It now seems very likely that both parties will implement the “Transition Deal” negotiated between Boris Johnson’s government and the EU. As a result, the UK will leave the EU on 31 January 2020.
The first day of February 2020 will be the start of the “Transition Period”, during which EU rules continue to apply, while the UK and the EU negotiate a future trade deal. The transition period ends on 31 December 2020. The UK government has indicated that there will be no extension of the transition period beyond 31 December 2020, although there remains the possibility of a one or two-year extension. Whether or not the UK extends the transition period will be known by 30 June 2020.
Expansion outside the UK
UK businesses that are likely to require “borderless” access to EU markets should already be thinking about incorporating at least one subsidiary company within the EU, to ensure full access to EU markets in the event of a hard Brexit. Provided that any such subsidiary is incorporated under the laws of a Member State and conducts a genuine economic activity in a Member State, it will be capable of engaging the fundamental freedoms of the European Treaty. Such a measure will not only provide immediate access to the economy of the incorporation state but a guarantee from the EU Treaty that the company can freely establish in any other member state, i.e. receive equal treatment with locally incorporated companies. In practice, UK companies will be likely to incorporate in the EU countries where they wish to trade. However, following the European Court’s judgement in the Cadbury Schweppes case, a company located in the EU could incorporate a subsidiary in an EU member state chosen because it levies low tax rates (e.g. Ireland, Bulgaria, Cyprus, Hungary, Malta). Provided that such a low-taxed company conducts a genuine economic activity in the low-tax host state, Cadbury Schweppes is an authority that this is not an abuse of the EU Treaty.
Another important point relating to dividends, interest, or royalty payments received by UK companies from companies registered in an EU Member State is that such UK companies will continue to be protected from foreign withholding taxes via the UK’s comprehensive double tax treaty network. In the case of foreign dividends, the UK’s tax treaties with the EU Member States provide in most cases equivalent protection from foreign withholding taxes to the protection provided by the EU Parent / Subsidiary Directive. In the case of interest and royalty payments arising from EU sources, even if the relevant UK tax treaty does not eliminate source withholding taxes altogether ( as is provided by the EU Interest and Royalties Directive), then UK double tax treaty relief will reduce the level of withholding tax from the domestic rate, and there will be UK credit relief on any withholding tax payable against UK corporation tax liability on the interest or royalty income. Needless to say, the reliefs provided by EU Directives and UK double tax treaties are not unconditional, and specialist professional advice should be taken before placing reliance on these reliefs, especially since the OECD BEPS project is now affecting double tax treaty networks. The Vistra International Tax team in the UK can provide advice to UK corporates in this regard.

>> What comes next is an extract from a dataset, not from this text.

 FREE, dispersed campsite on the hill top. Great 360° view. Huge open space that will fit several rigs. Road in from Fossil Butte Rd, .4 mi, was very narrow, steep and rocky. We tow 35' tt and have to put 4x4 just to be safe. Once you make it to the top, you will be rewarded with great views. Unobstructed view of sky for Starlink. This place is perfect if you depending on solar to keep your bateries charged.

A UK parent company receiving profit repatriation by way of dividend from any EU subsidiary company will typically earn such income free of UK corporation tax, and therefore without economic double taxation. This exemption is not something that falls away after Brexit, as it is enshrined in UK tax legislation. Moreover, recent reforms to the UK’s “substantial shareholder” exemption will widen the circumstances that enable UK parent companies to sell EU subsidiary trading companies free of UK corporation tax on resulting capital gains in the UK, if certain reasonable conditions are met. This exemption also applies if the UK company’s subsidiary is a holding company of a trading group or sub-group.
For foreign investors, the UK now offers significant opportunities:
- Greater clarity concerning Brexit issues.

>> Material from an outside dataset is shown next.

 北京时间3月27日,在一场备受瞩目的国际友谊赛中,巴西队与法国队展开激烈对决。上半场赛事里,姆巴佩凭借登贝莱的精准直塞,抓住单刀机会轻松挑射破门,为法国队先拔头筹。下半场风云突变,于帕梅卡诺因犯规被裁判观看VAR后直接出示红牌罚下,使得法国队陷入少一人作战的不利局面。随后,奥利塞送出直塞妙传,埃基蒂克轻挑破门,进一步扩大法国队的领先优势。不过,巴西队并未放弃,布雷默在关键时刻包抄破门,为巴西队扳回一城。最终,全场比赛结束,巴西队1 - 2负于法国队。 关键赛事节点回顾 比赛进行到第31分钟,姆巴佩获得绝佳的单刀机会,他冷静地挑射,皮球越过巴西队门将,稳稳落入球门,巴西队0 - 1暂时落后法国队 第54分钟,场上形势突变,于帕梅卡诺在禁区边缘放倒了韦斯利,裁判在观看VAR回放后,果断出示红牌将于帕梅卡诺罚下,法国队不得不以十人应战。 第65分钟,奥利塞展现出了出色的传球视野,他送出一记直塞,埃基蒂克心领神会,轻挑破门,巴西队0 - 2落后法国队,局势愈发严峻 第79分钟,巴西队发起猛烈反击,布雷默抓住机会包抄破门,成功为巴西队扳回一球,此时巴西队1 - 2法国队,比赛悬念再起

- Renewed political stability and an avowedly pro-business government.
- The opportunity to trade in a large economy that has held up well to external pressures such as Brexit, and the global banking crisis of 2008.
- A safe and secure trading environment, provided by a world-class legal system, and independent judiciary, that gives confidence to non-UK investors acquiring substantial UK assets, or entering into legal agreements written under UK law.
- The opportunity to trade in a low-tax environment. The UK corporation tax rate is now only 19%. Furthermore, overseas investors can repatriate profits from UK companies very tax-efficiently - there is no UK withholding tax on outward-bound dividends, for example.
- Employer on-costs (e.g. national insurance) are also much lower in the UK when compared with many other EU countries’ equivalent regimes.
The long-standing tax advantages of the UK corporate tax regime continues to apply post – Brexit, i.e. the largest double tax treaty network in the world, low corporate tax rate, and no or limited application of withholding taxes on outward bound profit distributions.
For foreign investors, the UK is open for business as a low tax corporate domicile. The ease and economy of UK company formation and administration is a famous hallmark, as are the UK’s liberal rules for foreign investment in UK businesses and real estate. After the Transition Period, all these pro-business characteristics are likely to be further accentuated.